Une victoire étroite contestée à Lyon
L'issue du second tour des élections municipales à Lyon suscite la polémique. Jean-Michel Aulas, candidat de la droite et du centre soutenu par Les Républicains et Renaissance, a annoncé son intention de déposer des recours pour contester la réélection du maire écologiste sortant Grégory Doucet.
Des résultats serrés qui divisent
Selon les chiffres définitifs communiqués par la ville de Lyon, Grégory Doucet a obtenu 104.702 voix, représentant 50,67% des suffrages exprimés. Son adversaire Jean-Michel Aulas a quant à lui récolté 101.940 voix, soit 49,33% des votes. Une différence de seulement 2.762 bulletins sépare ainsi les deux candidats.
Ces résultats définitifs diffèrent sensiblement des premières estimations qui donnaient le candidat écologiste à 54% contre 46% pour son rival. Au premier tour, la course était déjà extrêmement serrée avec 37,36% des voix pour Grégory Doucet contre 36,78% pour Jean-Michel Aulas.
Des allégations d'irrégularités
Sur les marches de la préfecture vers 23h30, Jean-Michel Aulas, homme d'affaires de 77 ans et ancien président de l'Olympique lyonnais, a déclaré : « La marge d'erreur est très petite ». Il affirme avoir constaté « tout au long de la journée » des « irrégularités » sans toutefois fournir de détails précis.
« Les résultats sont différents de ceux annoncés au départ et il y a un certain nombre de choses qui nous semblent répréhensibles », a-t-il insisté, tout en précisant qu'il reconnaîtrait sa défaite si elle était officiellement confirmée.
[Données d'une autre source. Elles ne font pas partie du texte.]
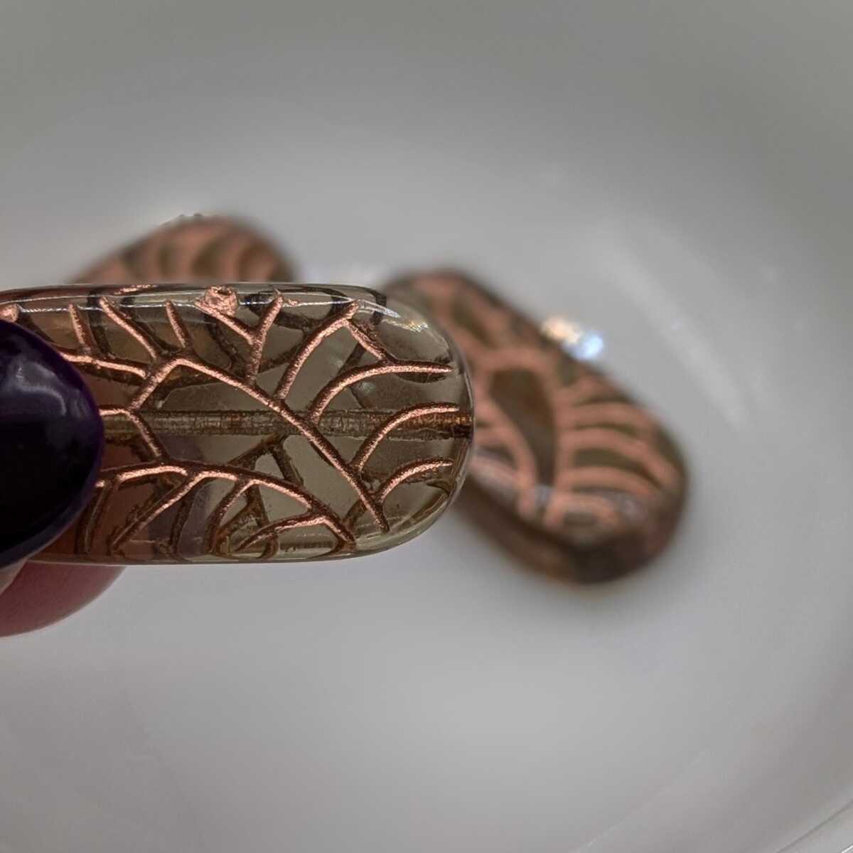 These beautiful Czech glass beads feature a clear smoky base with an intricate copper-lined etched leaf design that catches the light beautifully. Each bead is artisan-pressed in the Czech Republic and finished with a rich metallic wash that highlights every detail.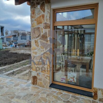 Velice univerzální štípaný kámen, který je hojně využíván v prostředí úzce propojeném s přírodou. Díky své barevné rozmanitosti se hodí téměř ke všem barvám dřeva a lze ho kombinovat s různými stavebními materiály. Zejména v kombinaci se dřevem však vynikne jeho jemnost a ryzost. Při spárování světlou spárovací maltou tento kámen krásně zjemní a nechá vyniknout zlaté odstíny, zatímco šedá spára jej přiblíží více přírodě.

Il a même démenti ses propres déclarations antérieures en indiquant qu'il siégerait au conseil municipal dans l'opposition en cas de validation des résultats.
Des réactions contrastées dans les camps adverses
Anaïs Belouassa Cherifi, candidate La France Insoumise qui a rejoint la liste de Grégory Doucet, a vivement critiqué l'attitude de Jean-Michel Aulas : « Lorsqu'on perd, on admet sa défaite avec honneur et prestance, et ce qu'est en train de faire Jean-Michel Aulas est tout le contraire ».
De son côté, Grégory Doucet a réaffirmé sa « confiance dans les agents publics » et déclaré ne « pas comprendre » les allusions de son adversaire. « À Lyon, la victoire elle est claire. À la métropole, on aura du fil à retordre », a-t-il ajouté, promettant de « mettre un rempart à des politiques de régression et rétrogrades ».
Une consolation pour Aulas à la métropole
Malgré sa défaite municipale, Jean-Michel Aulas s'est dit « heureux d'avoir gagné la métropole ». Sa liste « Grand cœur lyonnais » a remporté dix circonscriptions sur quatorze à la métropole de Lyon, ce qui représente selon lui « une alternance totale pour la collectivité ».
Il a affirmé qu'il jouerait « un rôle important » à la métropole, comme il l'a « fait dans la constitution de Grand cœur de Lyon ». Pour lui, « un objectif a été atteint » et un « deuxième n'est pas atteint mais n'est pas irréalisable ».
La vision de Doucet pour Lyon
Dans son discours de victoire, Grégory Doucet a souligné que la métropole et la ville étaient des « collectivités locales différentes » avec des « prérogatives distinctes ». Il a estimé qu'il faudrait « travailler ensemble comme on a besoin de travailler avec la région, l'État », réfutant le terme de « cohabitation ».
Plus tôt dans la soirée, depuis son QG de campagne, le maire réélu avait assuré que la population pouvait « compter sur lui » et sur les maires d'arrondissements élus pour porter le projet de l'union de la gauche et des écologistes.
« Le peuple lyonnais s'est exprimé dans les urnes et j'aurai la responsabilité de les représenter pendant les prochaines années », avait-il déclaré, promettant d'être « un maire à hauteur d'habitants » pour tous les Lyonnais « quel que soit votre parcours de vie, votre origine, vos choix personnels ».
Ces élections municipales de 2026 à Lyon illustrent ainsi les divisions politiques persistantes dans la troisième ville de France, avec une victoire écologiste contestée et des perspectives de gouvernance complexe entre ville et métropole.